I find the Monster Cables, at least the sets I have are very weak in the jack inputs. i have had to re-solder them at least three times, always coming apart. I would like some pretty durable cables that will last a lifetime and not cost a bundle. How's that for wanting it all?


----------



## Guest (May 11, 2009)

Neutrik ends. On any wire you like. Great strain relief. I'd even just reuse your Monster cable. It's already paid for.

I'm a wire-is-wire guy.


----------



## GuitarsCanada (Dec 30, 2005)

iaresee said:


> Neutrik ends. On any wire you like. Great strain relief. I'd even just reuse your Monster cable. It's already paid for.
> 
> I'm a wire-is-wire guy.


Very interesting.


----------



## kw_guitarguy (Apr 29, 2008)

I am also a wire-is-wire kind of guy... in one of my other hobbies (home theatre) I am constantly telling people that the $300 Monster cable from FS is not worth it! 

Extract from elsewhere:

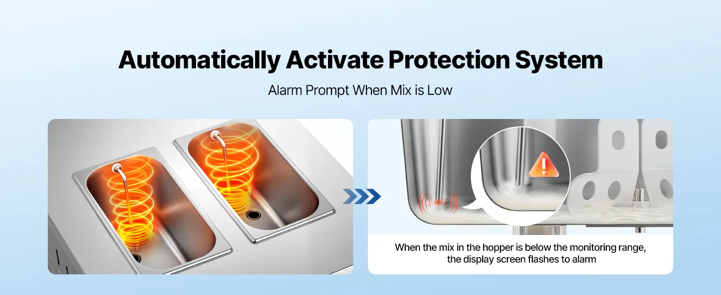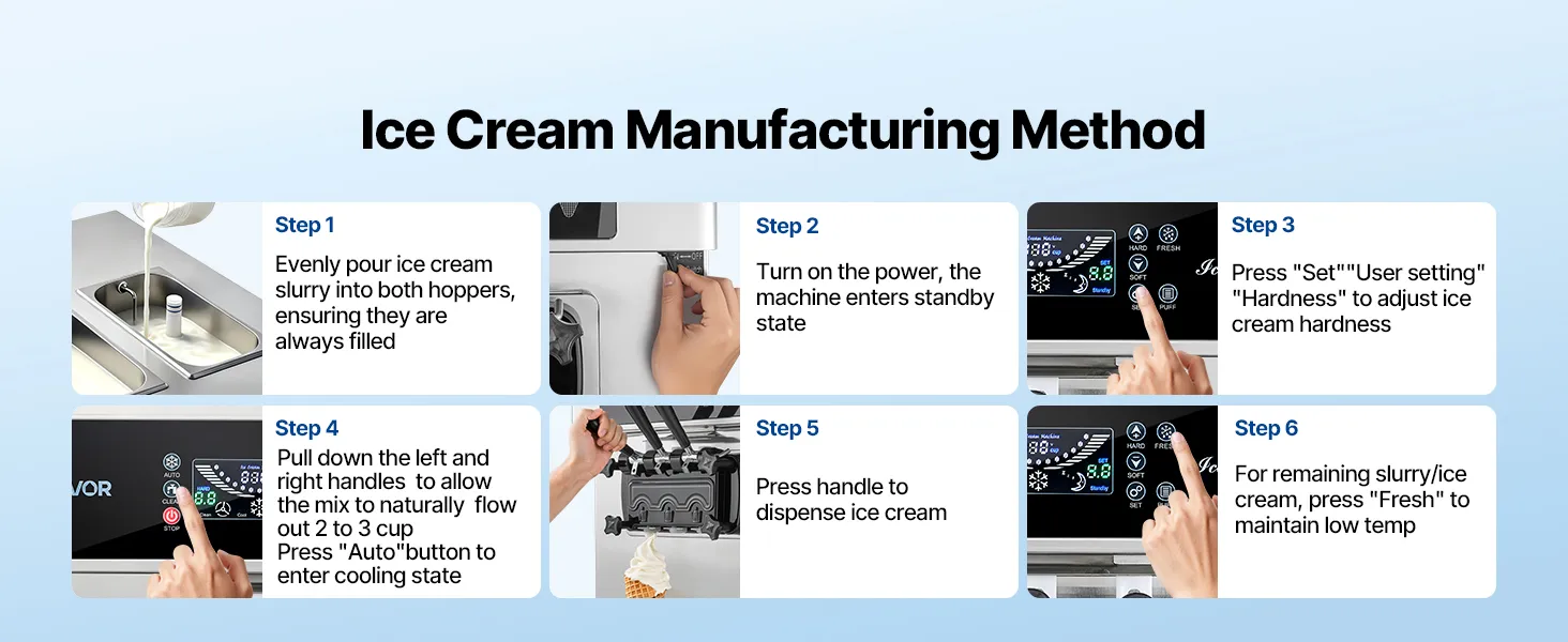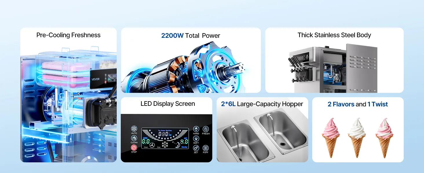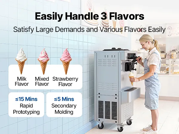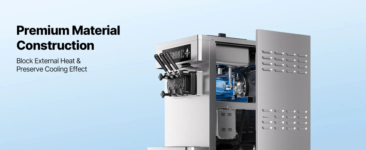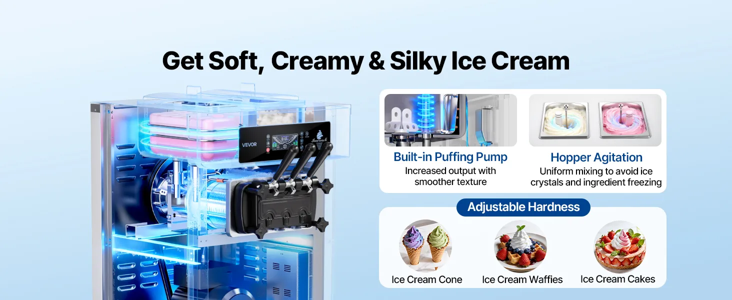 Die Gewerbeeismaschine produziert bis zu 20–28 L/h und kann drei Eissorten zubereiten. Dank Vorkühlung, integrierter Aufblaspumpe, Rührwerk im Behälter und Hochleistungskompressor gewährleistet sie eine gleichmäßige Eisausgabe mit feiner, homogener Konsistenz bei gleichzeitig effizienter Produktion.

Personally, I like Planet Waves cables, I like the build quality and the ends. For my effects gear, I bought their solderless pedal board kit and love it!!!

~Andrew


----------



## greco (Jul 15, 2007)

iaresee said:


> Neutrik ends. On any wire you like. Great strain relief. I'd even just reuse your Monster cable. It's already paid for.
> 
> I'm a wire-is-wire guy.


I'm from the same school. 

Neutrik plugs (always) and any decent cable.

Dave


----------



## Rumble_b (Feb 14, 2006)

I've been using mostly Yorkville cables for years now. Pretty cheap and I've only ever had to fix one. I also have a Rapco thats pretty old, no issues with it either. If I need to get more I might try another Rapco.


----------



## jimsz (Apr 17, 2009)

I just make and maintain them myself. A spool of durable 20 gauge instrument cable, some quality plugs and a solder gun. Cables require some maintenance. They get yanked, bent and stepped on constantly. So much easier to diy.


----------



## greco (Jul 15, 2007)

jimsz said:


> ....... durable 20 gauge instrument cable, .........some quality plugs .......


Which brand(s) of cable and plugs have you found to be the best in your experience?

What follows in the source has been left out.